Desde la sentencia del 8 de abril de 1991, Rad. 4087, se unificó la jurisprudencia desarrollada hasta ese entonces por las antiguas Secciones Primera y Segunda de la Sala de Casación Laboral de la Corte Suprema de Justicia y se concluyó básicamente: i) que la inflación generaba un fenómeno social problemático, en tanto ocasionaba pérdida del poder adquisitivo de la moneda; ii) que ante tal panorama debían adoptarse correctivos tales como la indexación, en aras de restaurar el equilibrio económico; iii) y que esas medidas encontraban su fundamento en principios generales del derecho como la “equidad” y la “justicia”, así como en los artículos 8 de la Ley 153 de 1887 y 19 del Código Sustantivo del Trabajo, además de que “(…) ello no implica reconocer facultades judiciales extraordinarias que transformen al Juez en legislador y que el principio de la equidad sea utilizado como excusa para apartarse del derecho positivo vigente, [pues] resulta importante no perder de vista los objetivos de la propia ley.” Ver también la sentencia del 31 de julio de 1991, Rad. 4180, entre otras.

Específicamente, en torno a las pensiones de jubilación, esta Corporación, en sentencia del 5 de agosto de 1996, Rad. 8616, explicó que era procedente la actualización del salario que servía de base para calcular el monto inicial de la mesada, teniendo en cuenta principios como la “justicia” y la “equidad”, así como el hecho notorio de la pérdida del poder adquisitivo de los ingresos del trabajador, por el tiempo que transcurriese entre su retiro del servicio y el reconocimiento efectivo de la pensión. Descartó, de paso, que con dicho procedimiento se diera un incremento injustificado de las obligaciones a cargo del empleador; que ello implicara una sanción o una indemnización; o que se desconociera la autonomía de la voluntad de las partes que acordaran beneficios pensionales, pues, indicó, lo único que se intentaba resguardar era el ingreso real del trabajador ante fenómenos inflacionarios que lo impactaban.
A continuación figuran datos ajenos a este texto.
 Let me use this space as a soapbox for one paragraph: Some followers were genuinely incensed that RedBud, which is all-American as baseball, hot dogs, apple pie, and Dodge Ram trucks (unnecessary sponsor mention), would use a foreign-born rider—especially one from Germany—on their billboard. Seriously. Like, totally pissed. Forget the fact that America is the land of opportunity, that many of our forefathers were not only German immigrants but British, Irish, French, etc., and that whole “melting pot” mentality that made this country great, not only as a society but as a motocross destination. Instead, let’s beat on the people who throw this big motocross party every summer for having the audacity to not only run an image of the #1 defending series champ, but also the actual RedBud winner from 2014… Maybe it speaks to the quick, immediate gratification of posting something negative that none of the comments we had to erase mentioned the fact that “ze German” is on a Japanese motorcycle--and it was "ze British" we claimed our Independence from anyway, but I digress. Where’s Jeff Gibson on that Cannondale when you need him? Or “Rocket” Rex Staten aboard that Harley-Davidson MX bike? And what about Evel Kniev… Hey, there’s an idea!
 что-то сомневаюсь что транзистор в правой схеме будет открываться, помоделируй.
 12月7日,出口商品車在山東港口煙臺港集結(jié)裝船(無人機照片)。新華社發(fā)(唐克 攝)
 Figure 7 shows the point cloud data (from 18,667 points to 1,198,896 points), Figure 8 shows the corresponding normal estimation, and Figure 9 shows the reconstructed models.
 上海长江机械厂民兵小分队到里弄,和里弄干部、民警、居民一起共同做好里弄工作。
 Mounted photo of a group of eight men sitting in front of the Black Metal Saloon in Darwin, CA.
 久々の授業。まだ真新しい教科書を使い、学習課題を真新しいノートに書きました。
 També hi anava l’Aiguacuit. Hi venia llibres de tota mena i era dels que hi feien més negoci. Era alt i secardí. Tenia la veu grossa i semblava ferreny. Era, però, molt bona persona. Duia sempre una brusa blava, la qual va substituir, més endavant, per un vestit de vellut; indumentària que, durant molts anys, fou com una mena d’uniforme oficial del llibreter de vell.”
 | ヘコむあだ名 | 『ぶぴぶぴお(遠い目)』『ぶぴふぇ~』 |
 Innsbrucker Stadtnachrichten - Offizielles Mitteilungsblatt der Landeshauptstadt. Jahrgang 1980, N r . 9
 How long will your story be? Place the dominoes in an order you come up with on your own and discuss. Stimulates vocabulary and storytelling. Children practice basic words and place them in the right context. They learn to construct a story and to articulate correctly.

(…) En punto a la fuente normativa que respaldaba la indexación, en la citada decisión se clarificó que si bien era cierto que los procedimientos de actualización que contempla la Ley 100 de 1993 no podían ser aplicados retroactivamente, sí era posible encontrar otros soportes jurídicos que la legitimaban plenamente en tratándose de pensiones causadas con anterioridad a la vigencia de dicha norma.
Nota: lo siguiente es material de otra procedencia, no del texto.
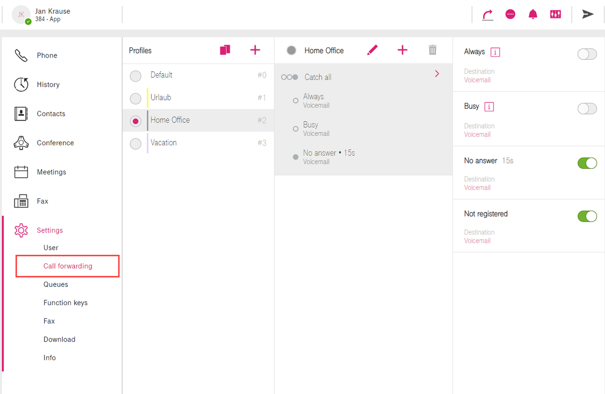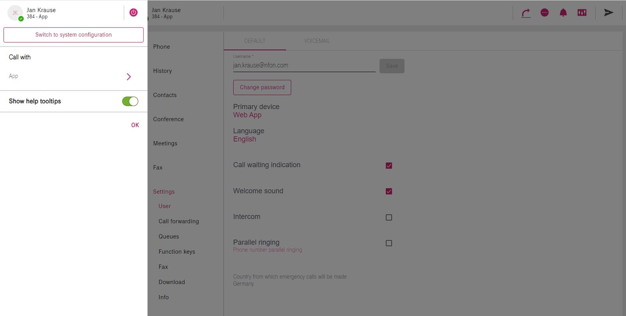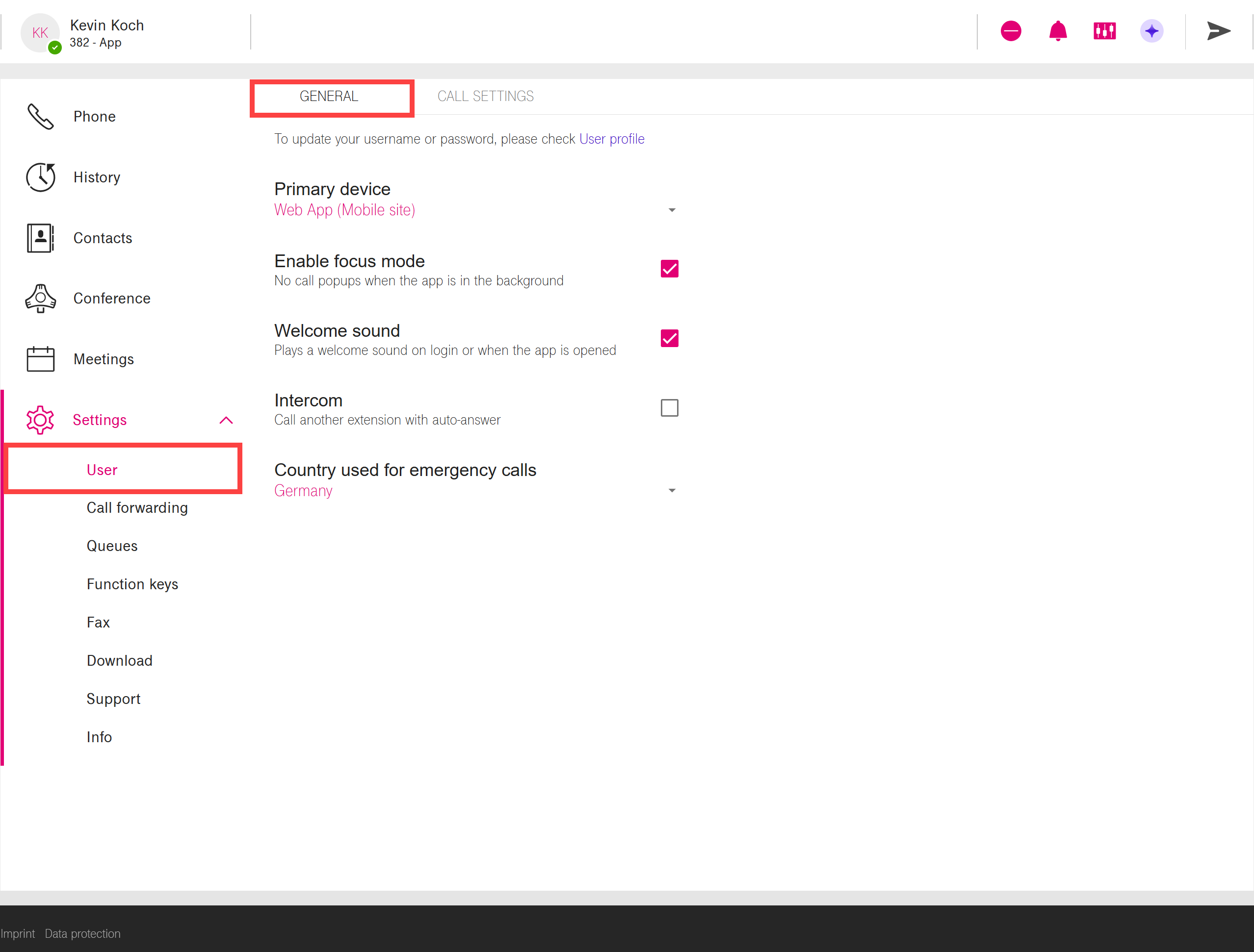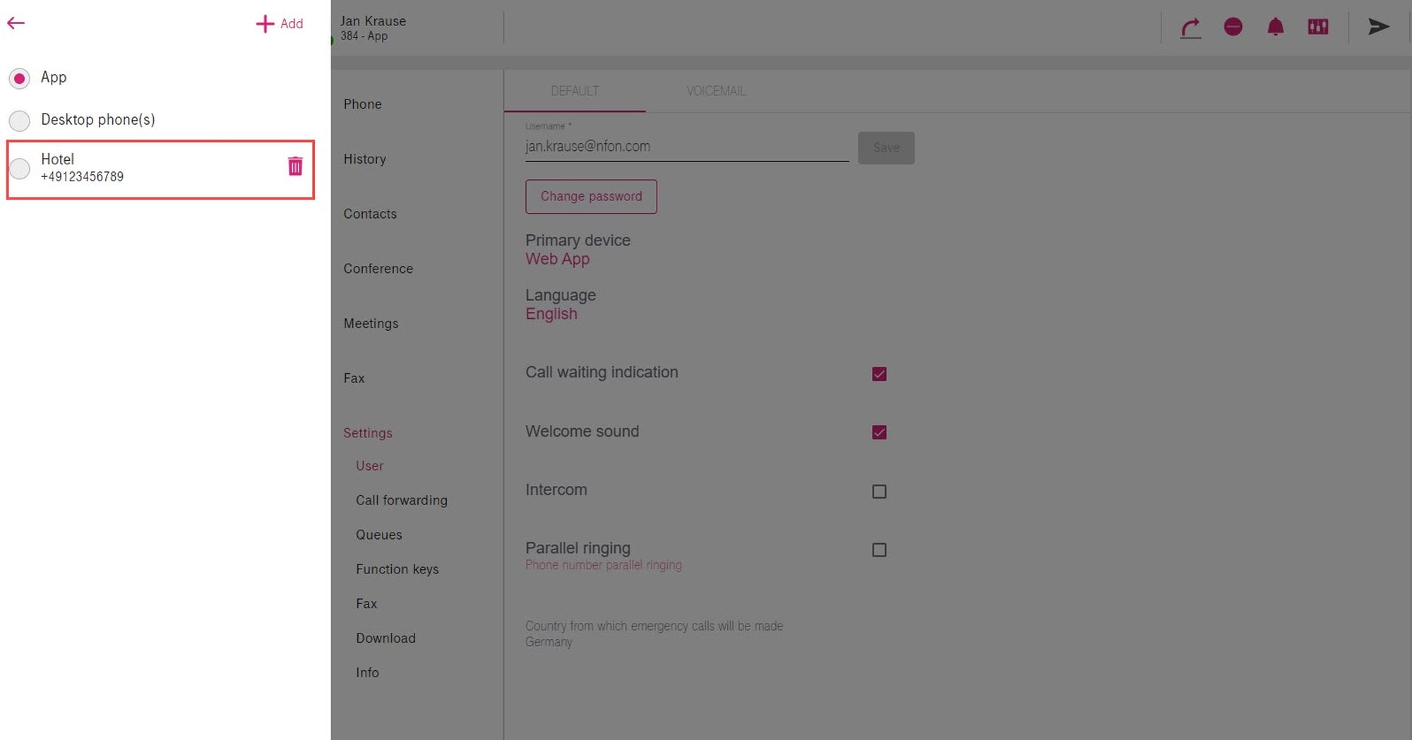 Per default, the app is set as your primary device – the target you will call with. This means, once you have an incoming call, your app will ring. If you want to change this, select a different device.

Ejemplo de ello estaba en los “(…) principios de derecho laboral, de justicia y de equidad; la consagración positiva de la corrección monetaria en varios campos de la actividad civil en Colombia, como también en el derecho administrativo; su aceptación por la doctrina y jurisprudencia extranjeras; las normas reguladoras de pago; los principios del equilibrio contractual, (…)” que, valga decirlo, son anteriores a la vigencia de la Constitución Política de 1991.

Por otra parte, la orientación de la Corte se hacía extensiva a pensiones legales y extralegales y no se hacían diferenciaciones fundadas en la fecha de reconocimiento de la prestación. Debido a ello, se analizaban pensiones causadas con anterioridad a la entrada en vigencia de la Constitución Política de 1991 y se disponía su indexación (…) En definitiva, la posición defendida por la Corte expresaba que la inflación producía efectos claros sobre las pensiones de jubilación, cuando mediaba un lapso considerable entre la desvinculación del trabajador y el cumplimiento de la edad requerida; que, por dicha virtud, se debía reliquidar el monto inicial de la prestación, ajustando el salario que había servido de base para la liquidación, con el fin resguardar el poder adquisitivo de la mesada; que los fundamentos de dicha medida estaban dados en principios del derecho laboral como la equidad y la justicia, el daño emergente, el enriquecimiento sin causa y su aceptación generalizada por la doctrina y la jurisprudencia; y que, por lo mismo, para la procedencia del reajuste, no era dable predicar diferenciaciones fundadas en la naturaleza de las pensiones o en la fecha de su causación o reconocimiento. 2.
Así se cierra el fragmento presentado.